02 October 2014

How many ignition switch deaths? Postscript

   On Monday I posted a note on a New York Times story (from the preceding Friday) about the GM ignition switch disaster, the gist of which was that the particular accident the Times focused on in that story didn't seem to be caused by the defective switch.
   The following day the Times did a follow-up reporting that the ignition-switch death toll, as determined by Kenneth R. Feinberg, who administers the compensation fund GM set up, had risen to 23. Once more the Times illustrated the story by pointing to a particular victim, an infant rendered a paraplegic in an accident in which his great-grandmother and 13-year old aunt died.
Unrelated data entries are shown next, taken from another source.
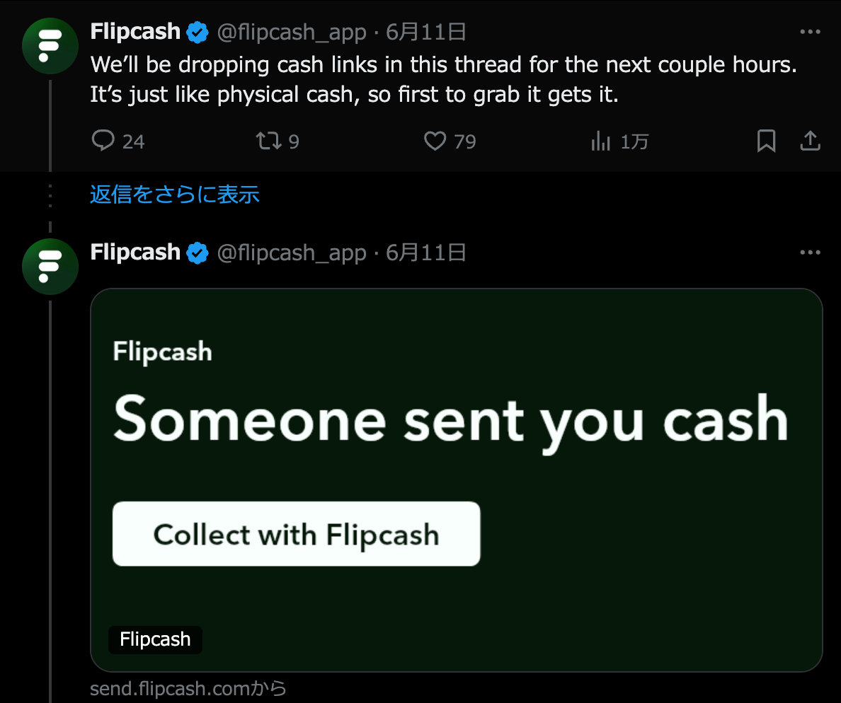 This approach was also used in the marketing of Flipcash, where a link is published on X and someone receives it on a first-come, first-served basis.
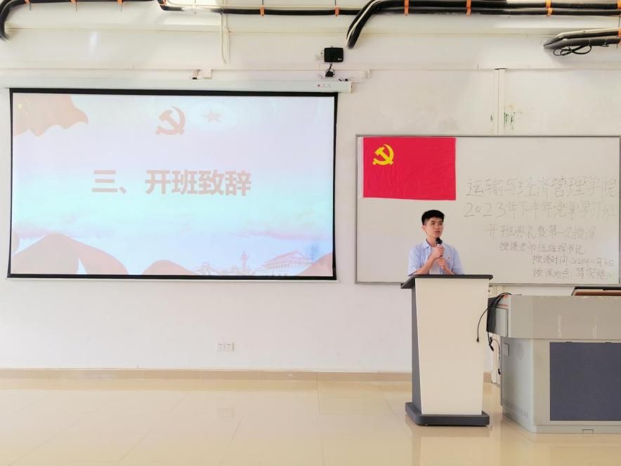 11月6日,运输与经济管理学院2023年下半年党章学习班开班典礼暨第一次党课授课在笃实楼101举行。运输与经济管理学院党委书记伍雄晖、全体辅导员及党章学习班学员出席此次活动。
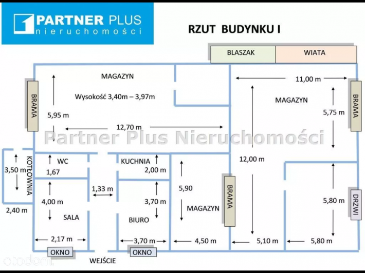 Hala nr 1 - została odnowiona na zewnątrz oraz wewnątrz, budynek jest ocieplony i odmalowany. Hala nr 1 składa się z pomieszczeń biurowych o pow. ok. 40 m2 oraz części magazynowej o pow. ok. 280 m2. Część magazynową można wykorzystać w jej pełnym metrażu lub podzielić na mniejsze pomieszczenia, posiada dwie bramy wjazdowe oraz dodatkowe drzwi wejściowe. Okna PCV nowszego typu, zabezpieczone roletami antywłamaniowymi, dodatkowo zainstalowany został alarm oraz monitoring i klimatyzacja w części pomieszczeń biurowych. Dach betonowy pokryty papą, budynek posiada instalację odgromową oraz wewnętrzną instalację komputerową i internetową rozprowadzoną w pomieszczeniach biurowych. Wysokość pomieszczeń w magazynie 3,40m - 3,97m. Pomieszczenia biurowe ogrzewane są piecem olejowym, który znajduje się w niezależnym pomieszczeniu (tzw. kotłowni) Dostępna jest również sieć gazowa w granicy działki.

But through some evil chance, the Times managed to again alight on an accident that also seems unrelated to the switch problem.
   The particular accident is not mentioned in the massive Valukas report commissioned by GM, but was described in a Times' July 16 story: "Less than a mile from the Matthews family's home, another car swerved into their lane and crashed head-on into the Cobalt." The air bags did not deploy.
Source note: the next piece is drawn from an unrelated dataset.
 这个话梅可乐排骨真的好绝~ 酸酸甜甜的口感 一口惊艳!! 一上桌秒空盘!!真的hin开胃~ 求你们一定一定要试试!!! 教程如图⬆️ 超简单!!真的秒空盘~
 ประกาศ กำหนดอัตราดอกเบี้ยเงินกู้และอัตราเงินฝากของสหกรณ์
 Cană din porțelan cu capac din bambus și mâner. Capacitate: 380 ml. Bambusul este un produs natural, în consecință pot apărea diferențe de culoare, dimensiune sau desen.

   As I briefly described the situation in Monday's post, and at greater length in posts referred to there, GM's theory that connects the ignition switch to the failure of the airbags is that there is an initial bump, as when a car goes over a curb or hits a bush or small tree, followed by a more serious crash into another object, such as a tree. The initial bump causes the defective switch to jump to the ACC position, which (after a delay of 0.15 seconds) turns off the airbag sensor. Almost all the accidents described in the Valukas report conform to that scenario, but that is clearly not what happened in the case described in Tuesday's Times. There was no initial bump that flipped the ignition switch, just a head-on crash.
   The Times has now unfortunately spotlighted the only two reported fatal accidents that don't seem connected to the ignition switch. (The Valukas report describes one other non-fatal non-conforming case.) It's not clear why the airbags didn't deploy in these cases, and the ignition switch could ultimately turn out to be the culprit. But the GM theory not only accounts for most of the accidents, it's the only theory we have; no one else has conducted engineering tests to determine if there are other reasons for the airbags not to deploy.  Perhaps a certain number of airbags fail to deploy for unknown reasons across all car makes and models. Or perhaps there is a deeper problem with the GM airbags that is as yet unappreciated. In any case, the Times coverage casts doubt on the extent of their reporters' understanding of what is going on.